Man Ties Rope Around his Neck: Dies: Ruled a Misadventure
Paragraph 7 reads: "Earlier, the court heard how Mr Vaughan was taking medication for depression after separating from his wife and experiencing stress with his job as an engineer with British Telecom."
A depressed telecommunications engineer probably did not intend to take his own life despite tying a rope around his neck, a coroner said on Tuesday.
Leeds coroner David Hinchliff said Yeadon man David Edward Vaughan was possibly “experimenting” or just trying to draw “attention to himself” when he put the ligature around his neck at his parents’ home in July.
And Mr Vaughan’s estranged wife, Tracy, said she did not believe her husband would have killed himself without leaving a note or some indication.
The inquest at Leeds Coroner’s Court heard how Mr Vaughan, 44, was found dead in a chair by his mother, Jennifer, at a house in Coppice Wood Crescent on July 1.
A post mortem revealed Mr Vaughan died as a result of hanging despite being in a sitting position.
Mr Hinchliff said any pressure on a person’s neck could cause them to lapse into unconsciousness and be unable to save themselves.
Earlier, the court heard how Mr Vaughan was taking medication for depression after separating from his wife and experiencing stress with his job as an engineer with British Telecom.
But his parents said they did not feel their son wanted to take his own life as there was no suicide note or any other message.
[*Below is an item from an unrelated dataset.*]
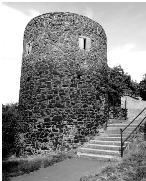
Obr. 6. Pozůstatky městského opevnění v Jemnici. Foceno v srpnu 2019.

His wife agreed.
“He was the sort of person who would like to do things correctly,” she told the inquest.
“I don’t believe he would have done that without saying goodbye.”
Recording a verdict of death by misadventure, Mr Hinchliff said: “I am under the impression possibly he was experimenting, not in a sinister way, or doing something to bring attention to himself, but he was overwhelmed by unconsciousness so quickly he wasn’t able to help himself had he desired to do so.”